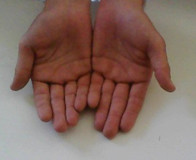 מימין: כפות ידיים תלת-ממדיות כיראליות תלת-ממדית; משמאל: תרשים דו-ממדי של שתי ידיים – אלו צורות חופפות, והן כיראליות רק דו-ממדית.
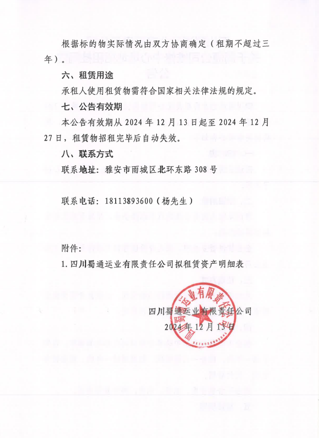 四川蜀通運業(yè)有限責任公司 關(guān)于蜀通公司維修中心場地招租掛網(wǎng)的 公告
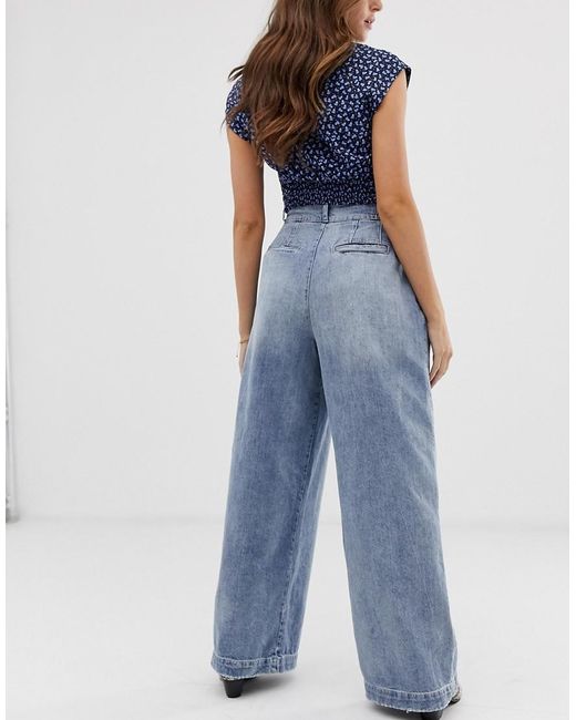 Jeans van Free People, Ja, deze vinden wij ook helemaal top, Hoge taille, Riem in de taille, Blinde ritssluiting, Twee zijzakken, Wijde pijpen, Regular-fit, Maat valt normaal. Free People dateert uit de jaren 70 en laat zich inspireren door kunst, mode, muziek en reislust. Het merk is vrouwelijk van geest en heeft een Boho-karakter. Van zoet tot krachtig, tomboy tot romantisch, Free People combineert kleuren en prints in een inspirerende collectie soepelvallende lange jurken, superzacht jersey en leren enkellaarsjes. Katoen/ print. Kleur: blauw
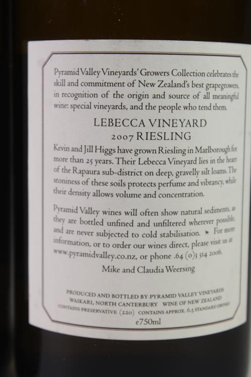 Lot 111 of 289: (2) 2007 Pyramid Valley Vineyards Lebecca Vineyard Riesling, Marlborough
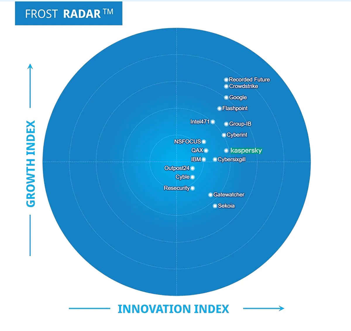 Frost & SullivanのFrost Radarレポートは、企業を「成長」と「イノベーション」という二つの指標を基に評価します。成長指数では、企業のビジョンや実行能力、強力なイノベーションパイプラインが評価され、イノベーション指数では将来のメガトレンドに対する企業の適応力が判断されます。Kasperskyは、これら両方の指標で高得点を獲得しました。
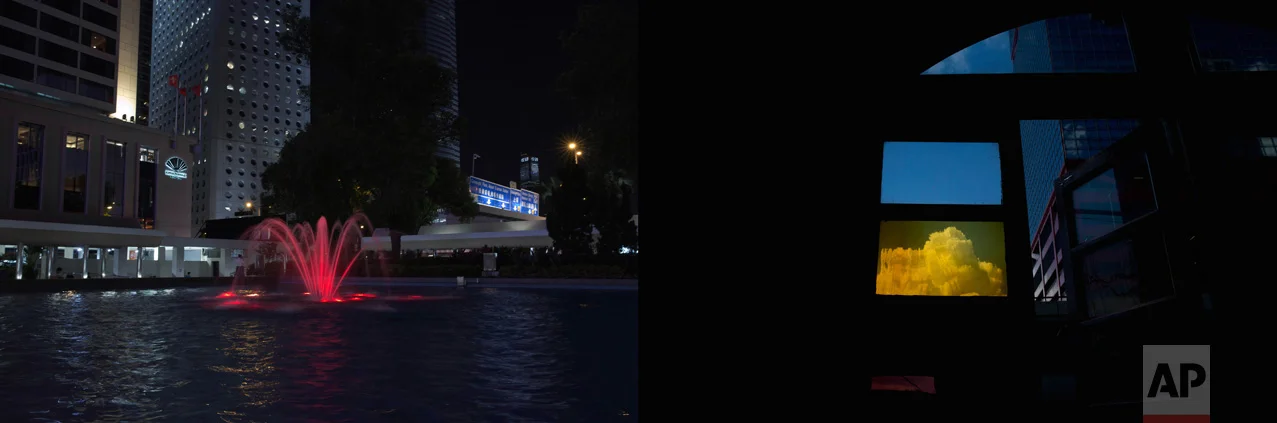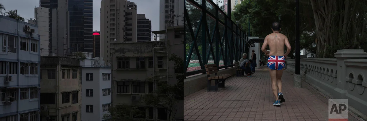 In this combination of photos, left: An LED screen seen between buildings emits a red glow in Hong Kong on Saturday, May 20, 2017; and right: A man wearing the British flag shorts jogs at King George V Memorial Park in Hong Kong on Friday, June 2, 2017. (AP Photo/Kin Cheung)
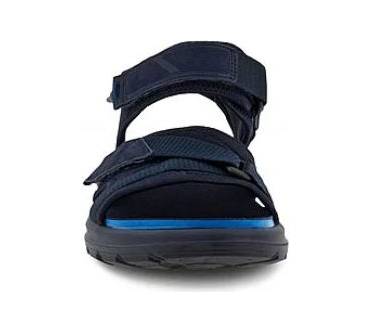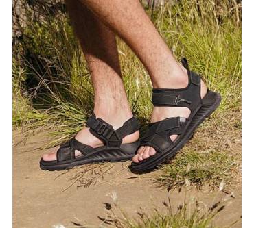 Die Exowrap von Ecco ist eine klassische Sportsandale für Damen und Herren. Sie können die Passform an drei Klettverschlüssen über den Zehen und dem Spann sowie an der Ferse verstellen. Die meisten Kundinnen und Kunden empfinden den Tragekomfort als angenehm und die Passform als stabilisierend. Einige Rezensentinnen und Rezensenten beschreiben die Passform allerdings als ziemlich lang und breit. Auch der Look wird von einigen als etwas zu klobig empfunden. Dennoch hat die Sandale viele Fans unter Wanderinnen und Wanderern. Sie können die Outdoorsandale für unkomplizierte Wanderungen auf einfachen Wegen sowie bei Spaziergängen im Sommer oder im Alltag verwenden. Die Produktbezeichnung bei Ecco ist teilweise etwas missverständlich, denn es gibt noch eine ähnliche Sandale mit gleichem Namen, aber Klickverschlüssen anstatt Klettverschlüssen.
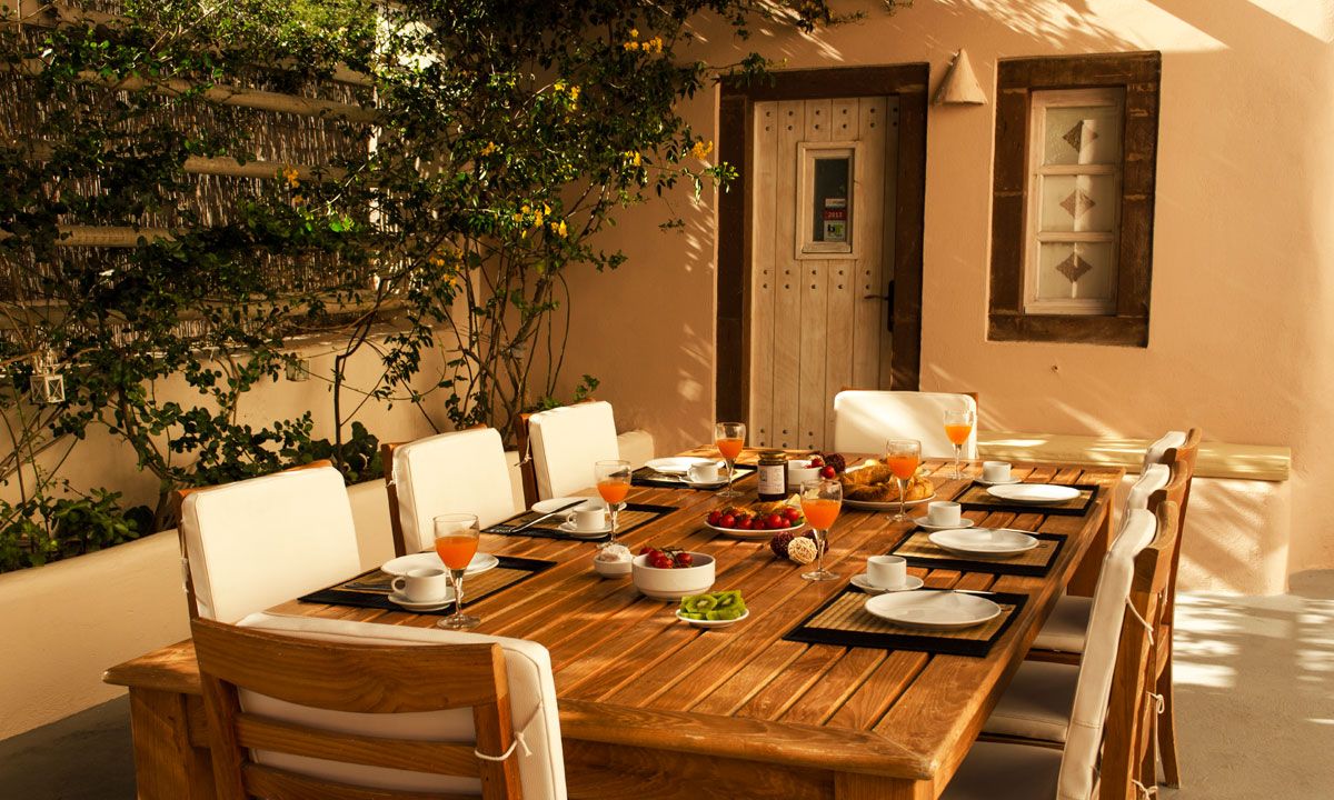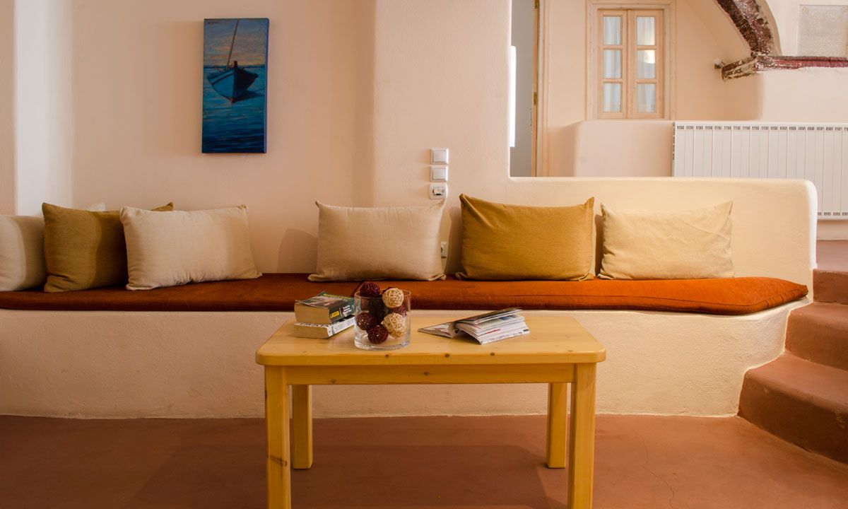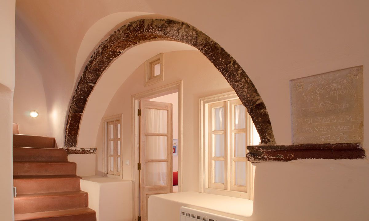 Villa Chryseis may not benefit from direct views over the caldera but instead offer the unique experience of stay in what was originally a traditional Santorinian winery. Built in 1857 and operated as a canava (winery), this old Santorini wine distillery produced traditional sun-dried wine up till the 1980’s. In 2007, the canava was sensitively renovated and was skillfully turned into Villa Chryseis, a brilliant blend of its traditional canava architectural originality with sophisticated luxury influences & modern facilities. With all the amenities of a first class hotel and the intimacy of a beautiful home, the villa reveals a warm & elegant ambience through a rich blend of soft earth nuances on its decoration.
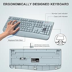 Wireless Keyboard and Mouse Combo, ULSOU 2.4G Full-Sized Ergonomic Computer Keyboard with Wrist Rest and 3 Level DPI Adjustable Wireless Mouse for Windows, Mac OS Desktop/Laptop/PC(Grey)
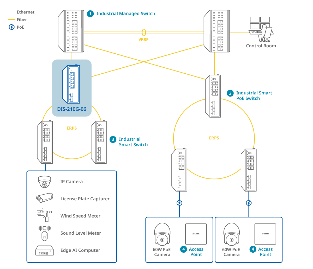 The DIS-210G-06 is an industrial smart switch equipped with four 1G ports and two 1G SFP ports for network management and aggregation. The SFP ports support long-distance data transmission, rapid failover redundancy, and throughput aggregation. The DIS-210G-06 supports ERPS and static routing, which reduces latency, enables effective traffic control, and improves network scalability and efficiency.
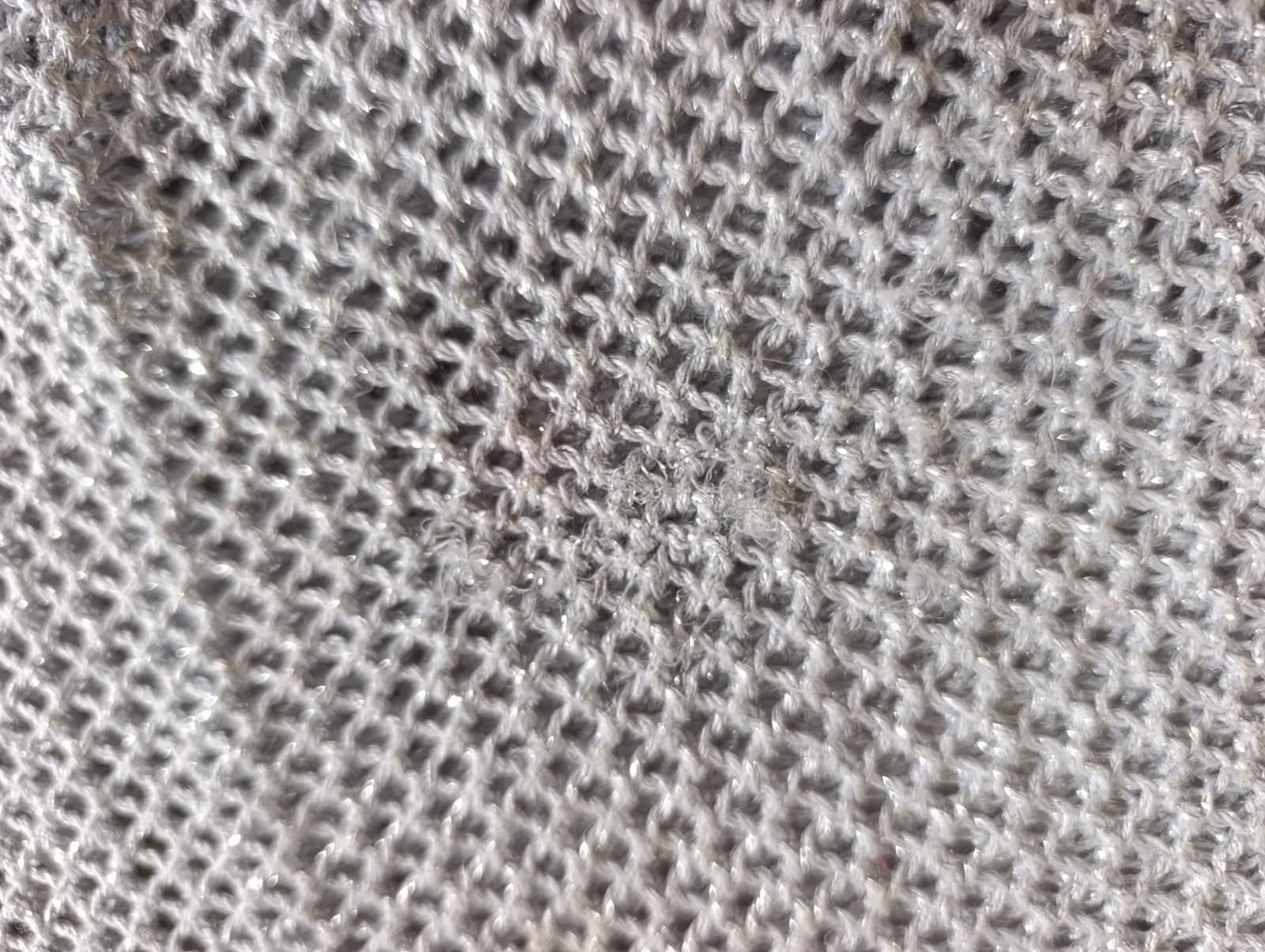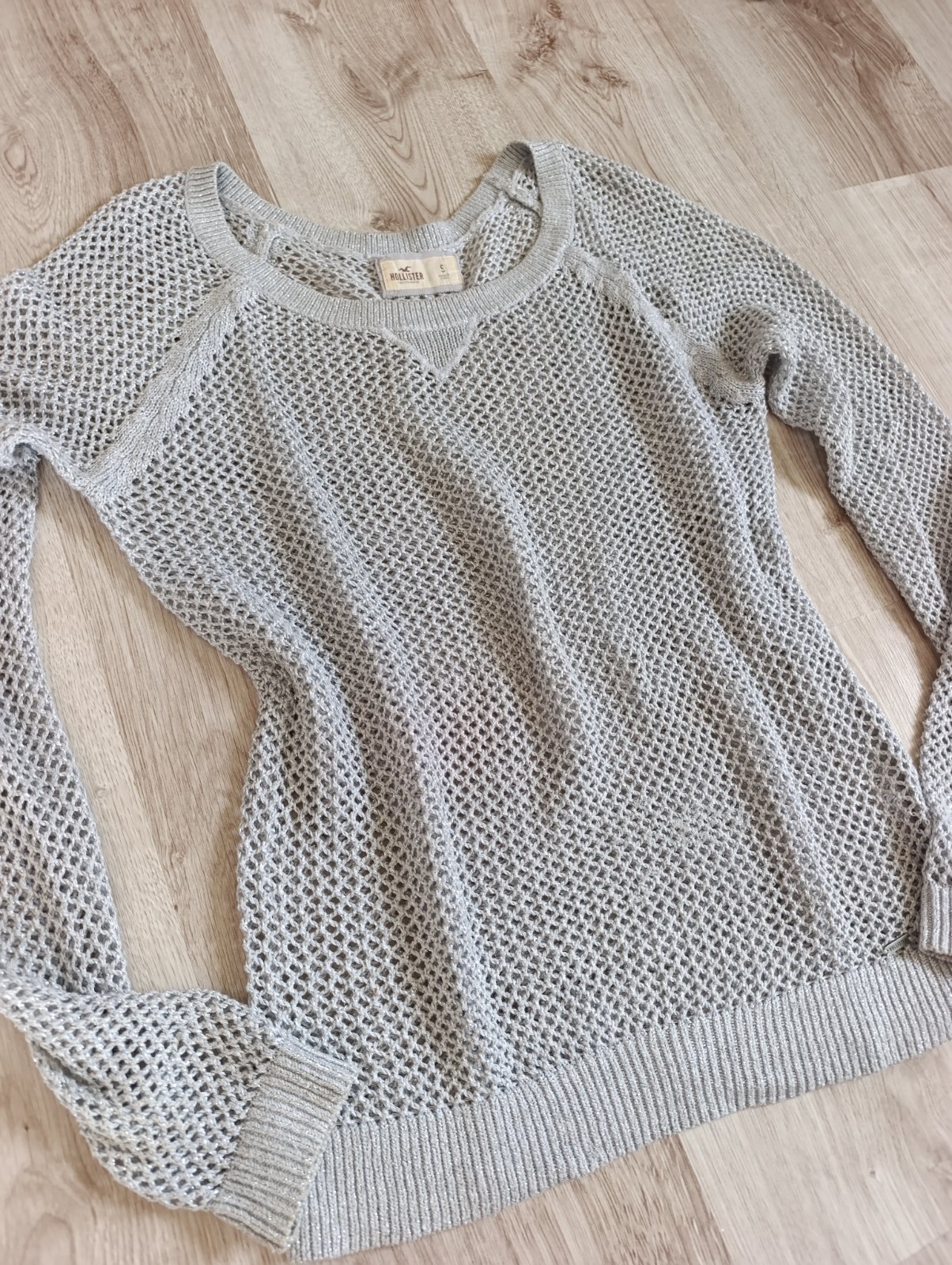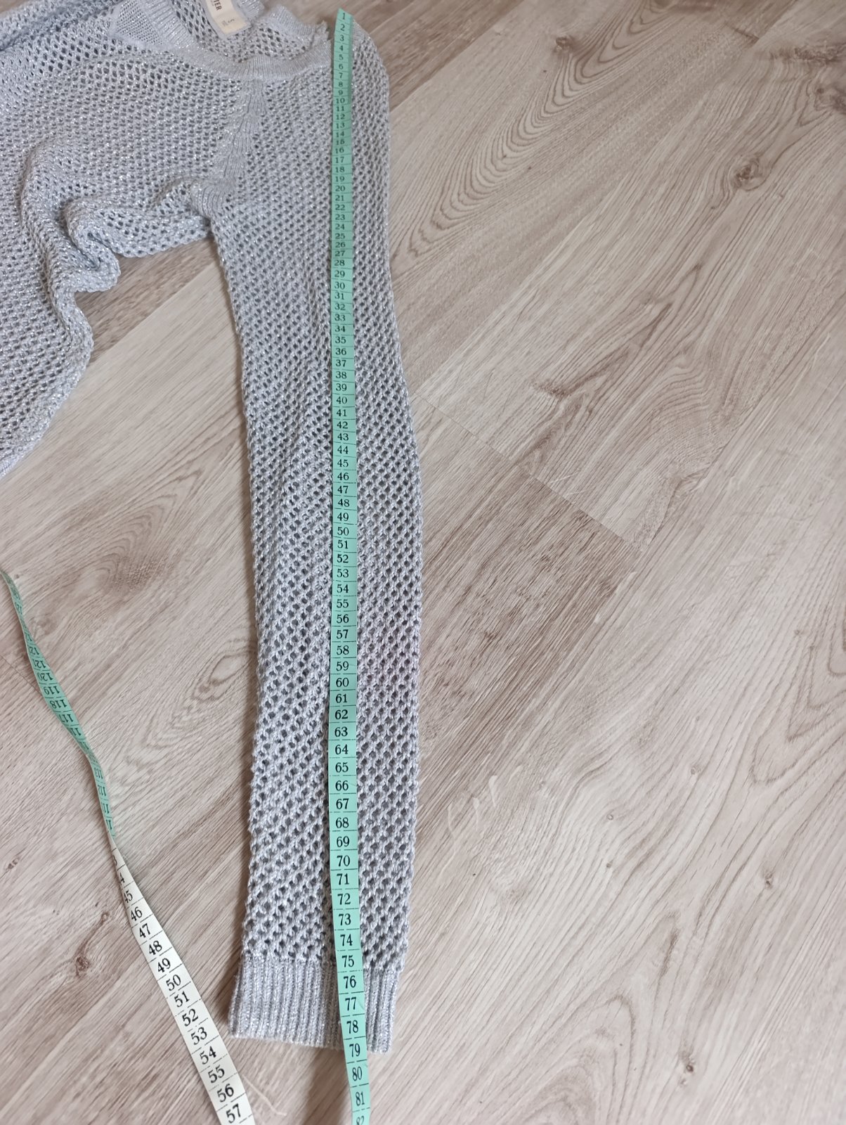 Pekný dierkovaný sveter, pretkavaný striebornou niťou, je elastický, príjemný na telo, naživo krajší. Vpredu zatiahnutie- viď posledná foto. Pri výmene 5€

=====

§ **Work instructions**: The entries above must be output exactly, with every image left out.

§ **Problem solution**:
 מימין: כפות ידיים תלת-ממדיות כיראליות תלת-ממדית; משמאל: תרשים דו-ממדי של שתי ידיים – אלו צורות חופפות, והן כיראליות רק דו-ממדית.
 四川蜀通運業(yè)有限責任公司 關(guān)于蜀通公司維修中心場地招租掛網(wǎng)的 公告
 Jeans van Free People, Ja, deze vinden wij ook helemaal top, Hoge taille, Riem in de taille, Blinde ritssluiting, Twee zijzakken, Wijde pijpen, Regular-fit, Maat valt normaal. Free People dateert uit de jaren 70 en laat zich inspireren door kunst, mode, muziek en reislust. Het merk is vrouwelijk van geest en heeft een Boho-karakter. Van zoet tot krachtig, tomboy tot romantisch, Free People combineert kleuren en prints in een inspirerende collectie soepelvallende lange jurken, superzacht jersey en leren enkellaarsjes. Katoen/ print. Kleur: blauw
 Lot 111 of 289: (2) 2007 Pyramid Valley Vineyards Lebecca Vineyard Riesling, Marlborough
 Frost & SullivanのFrost Radarレポートは、企業を「成長」と「イノベーション」という二つの指標を基に評価します。成長指数では、企業のビジョンや実行能力、強力なイノベーションパイプラインが評価され、イノベーション指数では将来のメガトレンドに対する企業の適応力が判断されます。Kasperskyは、これら両方の指標で高得点を獲得しました。
 In this combination of photos, left: An LED screen seen between buildings emits a red glow in Hong Kong on Saturday, May 20, 2017; and right: A man wearing the British flag shorts jogs at King George V Memorial Park in Hong Kong on Friday, June 2, 2017. (AP Photo/Kin Cheung)
 Die Exowrap von Ecco ist eine klassische Sportsandale für Damen und Herren. Sie können die Passform an drei Klettverschlüssen über den Zehen und dem Spann sowie an der Ferse verstellen. Die meisten Kundinnen und Kunden empfinden den Tragekomfort als angenehm und die Passform als stabilisierend. Einige Rezensentinnen und Rezensenten beschreiben die Passform allerdings als ziemlich lang und breit. Auch der Look wird von einigen als etwas zu klobig empfunden. Dennoch hat die Sandale viele Fans unter Wanderinnen und Wanderern. Sie können die Outdoorsandale für unkomplizierte Wanderungen auf einfachen Wegen sowie bei Spaziergängen im Sommer oder im Alltag verwenden. Die Produktbezeichnung bei Ecco ist teilweise etwas missverständlich, denn es gibt noch eine ähnliche Sandale mit gleichem Namen, aber Klickverschlüssen anstatt Klettverschlüssen.
 Villa Chryseis may not benefit from direct views over the caldera but instead offer the unique experience of stay in what was originally a traditional Santorinian winery. Built in 1857 and operated as a canava (winery), this old Santorini wine distillery produced traditional sun-dried wine up till the 1980’s. In 2007, the canava was sensitively renovated and was skillfully turned into Villa Chryseis, a brilliant blend of its traditional canava architectural originality with sophisticated luxury influences & modern facilities. With all the amenities of a first class hotel and the intimacy of a beautiful home, the villa reveals a warm & elegant ambience through a rich blend of soft earth nuances on its decoration.
 Wireless Keyboard and Mouse Combo, ULSOU 2.4G Full-Sized Ergonomic Computer Keyboard with Wrist Rest and 3 Level DPI Adjustable Wireless Mouse for Windows, Mac OS Desktop/Laptop/PC(Grey)
 The DIS-210G-06 is an industrial smart switch equipped with four 1G ports and two 1G SFP ports for network management and aggregation. The SFP ports support long-distance data transmission, rapid failover redundancy, and throughput aggregation. The DIS-210G-06 supports ERPS and static routing, which reduces latency, enables effective traffic control, and improves network scalability and efficiency.
 Pekný dierkovaný sveter, pretkavaný striebornou niťou, je elastický, príjemný na telo, naživo krajší. Vpredu zatiahnutie- viď posledná foto. Pri výmene 5€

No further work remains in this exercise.